Somit entsteht selbst aus einer einzelnen Mono-Aufnahme bereits ein deutlicher Stereo-Eindruck. Die beiden echten Aufnahmespuren verteilen wir danach nur noch dezent im Stereobild, denn durch das ADT-Plug-in füllt ja jede Stereospur schon die komplette Stereobreite aus. So wird aus einem normalen gedoppelten Track schnell eine richtig breite Soundwand mit vier Stimmen, wobei der Trick mit Vocals ebenso gut klappt wie etwa mit EGitarren- oder Synthesizerspuren. Wichtig dabei: Soll ein Signal eher hinten im Mix stehen, solltest du die Stereobreite der Spuren und Dopplungen insgesamt reduzieren, damit der Mix durch solche Tricks nicht an Tiefenstaffelung verliert! Zudem solltest du solche Dopplungen immer auf ihre Monokompatibilität hin überprüfen und etwas mit den Delay-Zeiten experimentieren, bis diese Probleme beseitigt sind.
ADT-Chorus
Das kleine Plug-in kann man natürlich auch für das Breitziehen von Mono-Tracks benutzen. Neben der reinen ursprünglichen Dopplung, die man eh automatisch erreicht, indem man das Plug-in halt in einen beliebigen Audiotrack lädt, gefällt es mir für einen richtigen Chorus-Effekt sehr gut, der sich mit ddmfs Metaplugin sehr einfach basteln und als KombiEffekt abspeichern lässt. Dazu laden wir zwei ADT-Instanzen mit gegensätzlichen Einstellungen und geben abschließend nur das jeweils bearbeitete Signal aus. Das Originalsignal wird stumm – geschaltet. Die Stereobreite entsteht nun durch die unterschiedlichen Delay-Zeiten und unterschiedliche Parameter für Wow&Flutter.
Diese Konstruktion kann man so prima als Send-Effekt benutzen und damit Monosignale etwas aus der exakten Positionen zwischen unseren beiden Lautsprechern herauslösen − sehr schön beispielsweise für Lead-Vocals oder die klassische Solo-Gitarre. Dabei sollte der Effekt nur so dezent zu hören sein, dass er bewusst kaum wahrnehmbar ist − schaltet man ihn aber weg, klebt das Signal eben wieder an der fixen Position. Das ist ein prima Effekt, um beispielsweise Song-Abschnitte voneinander soundtechnisch zu trennen und der Hauptgesangsstimme im Chorus beispielsweise mehr Stereobreite aufzudrücken.
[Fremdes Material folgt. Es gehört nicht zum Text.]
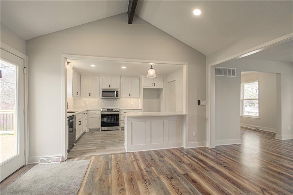 Move-in Ready! Welcome home to this updated Raised Ranch located in Unincorporated Platte County! This 3 bedroom home boasts Many updates that includes Fresh Paint inside and out, new deco flooring thru-out the home and new carpet in the bedrooms. With a brand new kitchen that includes gorgeous new custom cabinets and counter-tops with stylish backsplash and lighting to really give the space a modern look. Additional mentions include Vaulted ceilings that gives a very spacious main floor and a feature brick fireplace in the family room with a large traditional dining space that offers plenty of room for entertaining and family time! With two Brand new full bathrooms on the main including a private Master bath. The main floor is a stunner! Walk out to your brand new oversized back deck to enjoy your back yard which hosts a nice space for relaxing or a play area! Down to the lower level is a new finished Rec Room , A Second Brick fireplace , Laundry space and additional new half bath. With a Side entry & oversized 2 car garage , this home sits on an extra large corner lot. All electrical has been updated . This home offers a lot of space, style , updates and location! Located in The Park Hill School District and Unincorporated Platte County. Set up your showing today!
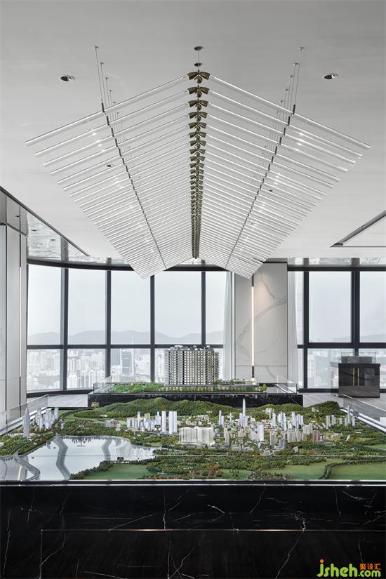 窗外目光所至之美即“區(qū)域”。沙盤之上的動(dòng)態(tài)藝術(shù)吊燈,
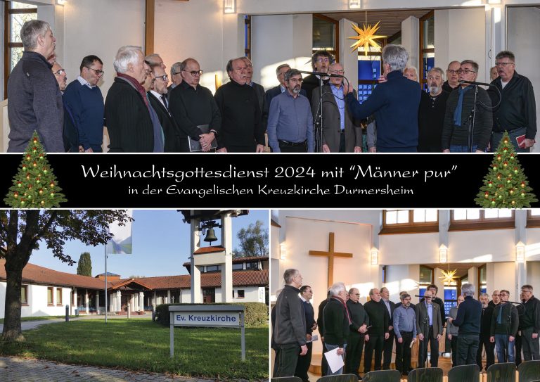 Mit insgesamt 6 Stücken stellte der Chor Männer pur den musikalischen Teil des Gottesdienstes m 2. Weihnachtsfeiertag in der evangelischen Kreuzkirche in Durmersheim. Die Anwesenden Besucher des Gottesdienstes drückten ihre Begeisterung für die musikalischen Darbietungen durch anhaltenden Applaus am Ende des Gottesdienstes aus.
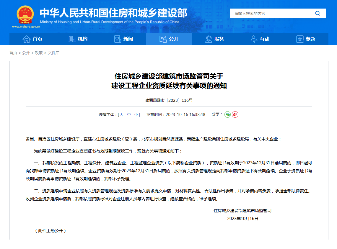 一、我部核發(fā)的工程勘察、工程設(shè)計(jì)、建筑業(yè)企業(yè)、工程監(jiān)理企業(yè)資質(zhì)(以下簡(jiǎn)稱企業(yè)資質(zhì)),資質(zhì)證書(shū)有效期于2023年12月31日前屆滿的,即日起可向我部申請(qǐng)資質(zhì)證書(shū)有效期延續(xù)。企業(yè)資質(zhì)有效期于2023年12月31日后屆滿的,按照有關(guān)資質(zhì)管理規(guī)定向我部申請(qǐng)資質(zhì)證書(shū)有效期延續(xù)。企業(yè)于資質(zhì)證書(shū)有效期屆滿后再申請(qǐng)資質(zhì)證書(shū)有效期延續(xù)的,我部不予受理。
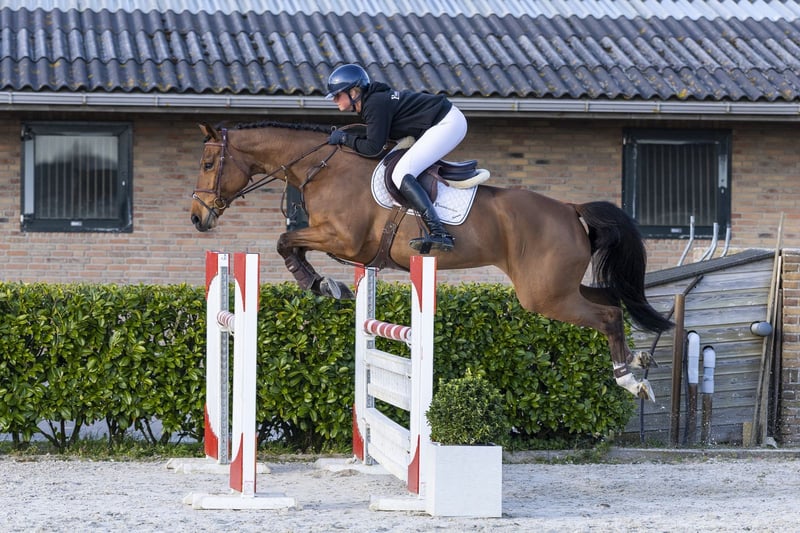 Oh Yeah A Little Peachy is an easy-to-ride amateur horse with a good attitude and a pleasant character. He is light-footed, has a nice canter and an easy trot, making him comfortable to ride. He is well built, has enough blood and is easy to work with. Over the jump he is quick off the ground, careful and shows a very good hindleg technique. A smart horse that thinks along and easily finds the fences. He has experience at 1.10m level. A horse that does everything with ease and will develop further towards higher levels. An ideal amateur horse with many possibilities. Sire Ad A Big Boy competed at 1.60m level and is a son of Kannan (1.60m), one of the most influential sires in showjumping. Dam Peachtree competed at 1.30m level and is a daughter of Clinton (1.60m), known for passing on scope and technique. The damline produces several sport horses: Zeldzaam (1.45m) Elliot van ’t Hooghemelrijk (1.45m) Odille VLS (1.45m) Magnum (1.40m) Get The Picture (1.40m) Unette L (1.40m) multiple horses at 1.30m–1.40m level A family with proven sport performance.
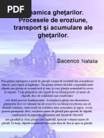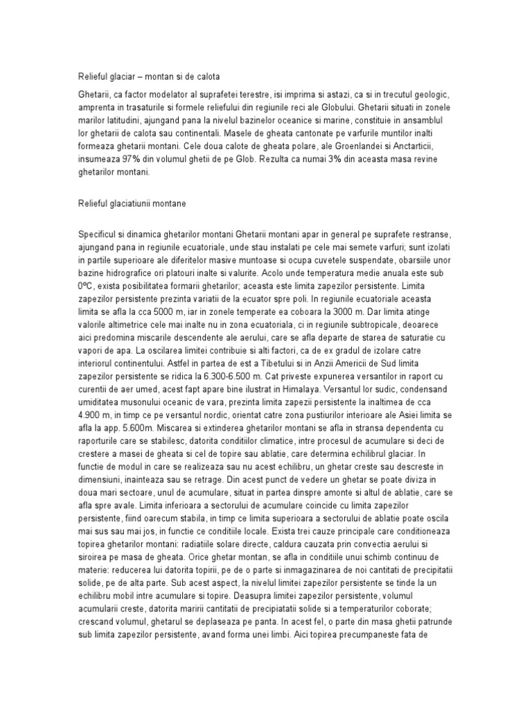 acumulare. Capatul dinainte al limbii ghetarului se termina mai mult sau mai putin abrupt, sub forma unei frunti. Alaturi de actiunea de transport si acumulare, comune si ghetarilor de calota, eroziunea 6e'aratie7 reprezinta un proces deosebit de important pentru modelarea reliefului de catre ghetarii din regiunile de munte. )ntensitatea eroziunii creste o data cu grosimea masei de gheata si cu micsorarea pantelor. 8rocesul de eroziune glaciara este intensificat de contributia materialelor morenice 6blocuri uriase, bolovani, pietrisuri de diferite dimensiuni7, care se afla incorporate pe marginile si la fundul ghetarului. 8rin intermediul acestora, ghetarul scrijeleaza peretii si patul vaii. Aceasta eroziune bruta este dublata de un proces de slefuire, determinat de gheata curata sau amestecata cu particule fine de roca, avand o granulometrie asemanatoare nisipului si care constituie 9faina de ghetar:. Ghetarul desfasoara o puternice eroziune laterala, cat si o eroziune in sens longitudinal. Roca versantilor, afectata de inghet, prezinta fisuri mari, care inlesnesc ghetarului sa smulga mai usor blocuri de roca$ eroziunea laterala largeste mult profilul transversal al vailor glaciare. 3roziunea in profil longitudinal, se deosebeste de aceea a apelor curgatoare prin faptul ca gheata actioneaza mai slab acolo unde panta este mai mare. Cand panta este mai mica, sau cand ghetarul intalneste contrapante si praguri forta lui de eroziune devine ma'ima. Masa de gheata, ajungand deasupra pragului se fisureaza si se fragmenteaza in blocuri, care se vor suda intre ele mai jos pe panta si apasand puternic intensifica eroziunea. )n acest fel, pragurile din cadrul vailor glaciare sunt mai putin supuse eroziunii. Acest mod de a eroda, al ghetarului, in e'cavatiile din fata contrapantelor se numeste subsapare si creeaza profile longitudinale in trepte, compuse din praguri si bazinete sau e'cavatii de subsapare. 3roziunea glaciara are o intensitate diferentiata in functie de sectoarele sau partile componente ale ghetarului. 3roziunea cea mai puternica se manifesta in cadrul vailor, unde masele de gheata curg, preseaza, smulg si tarasc cantitati mari de roca. )n perimetrul circurilor, eroziunea este mai redusa, ea e'[Link] nu atat prin deplasarea ghetii, cat mai ales datorita imensei presiuni cauzata de grosimea foarte mare. ,ipuri de ghetari montani +upa aspectul e'terior se deosebesc mai multe tipuri4 a7Ghetarul alpin sau de vale este bine reprezentat pe varfurile inalte ale Alpilor. #e compune din4 bazin de alimentare cu zapada, circul cu gheata si o limba bine dezvoltata, care coboara mult sub limita zapezilor. ;ona de alimentare este acoperita de o zapada mai densa, grauntoasa, numita firn sau n<v<. ;ona n<v<.ului este permanenta incepand in medie de la altitudinea de "%%% m in sus. 3a aluneca incet alimentand in permanenta circul, ce cantoneaza o mare cantitate de gheata. +in circ, gheata este evacuata continuu prin limba, care aluneca in cadrul unei vai pana la linia de topire. +atorita dezvoltarii mari a limbii, ghetarul se mai numeste si ghetar de vale. =neori limbile prezinta ramificatii, ajungand sa ia aspect de retea. +e asemenea ele se pot uni prin confluente. 5 caracteristica in plus a acestui ghetar este prezenta multor morene de fund. =nul din cei mai mari ghetari de vale este >edcen?o din 8amir, lung de ?m$ )n Alpi, ghetarul Aletsch are @2 ?m. b7Ghetarul pirinean are ca specific prezenta masei de gheata numai in interiorul circului. 3ste mic si lipsit de limba. Restrangerea ghetarului este determinata de conditiile climatice, relativ secetoase, si de limita zapezilor persistente mai ridicata$ ablatia impiedica formarea limbilor de gheata. Ghetarul fiind cantonat doar in cadrul circului a primit denumirea de ghetar suspendat sau de circ. Are multe morene de suprafata si interioare, dar nu prezinta morene de fund. 3ste tipul de ghetar specific muntilor 8irinei. 8entru muntii din RomAnia, el a fost specific fazei glaciare BCrm, cand majoritatea ghetarilor [Link] retras limbile, ramanand numai in circuri. c7Ghetarul de platou se intalneste foarte rar, avand forma unei mici calote de gheata. #e instaleaza in zonele cu

Ein Tipp noch dazu: Das ADT-Plug-in macht sich als Einzeleffekt oder mit obiger Schaltung auch sehr gut, wenn man es einem True-Stereo-Chorus-Effekt vorschaltet.
Oktaven im Hintergrund
Es gibt sicher viele Möglichkeiten, aus einer Gesangsstimme einen kompletten Chor zu zaubern. Um eine Gesangsspur etwas anzudicken, kann man das ADT-Plug-in prima mit zwei nachgeschalteten Pitch-Shift-Plug-ins vor dem Hall kombinieren. Dabei wird das Signal eine Oktave tiefer und höher gepitcht, und diese Frequenzen werden dem Original leise beigemischt. Der Pitch-Shifter sollte hier – für klanglich hochwertig sein, zur Not pitcht man die Spuren nach dem ADT-Plug-in offline mit einem entsprechenden Audioprogramm. In Cockos Reaper könnte man beispielsweise das mitgelieferte Plug-in Rea-Pitch benutzen und das Audiosignal in einem der qualitativ besseren Modi einmal eine Oktave nach unten und oben gleichzeitig transponieren und dieses dann dem Originalsignal wieder beimischen.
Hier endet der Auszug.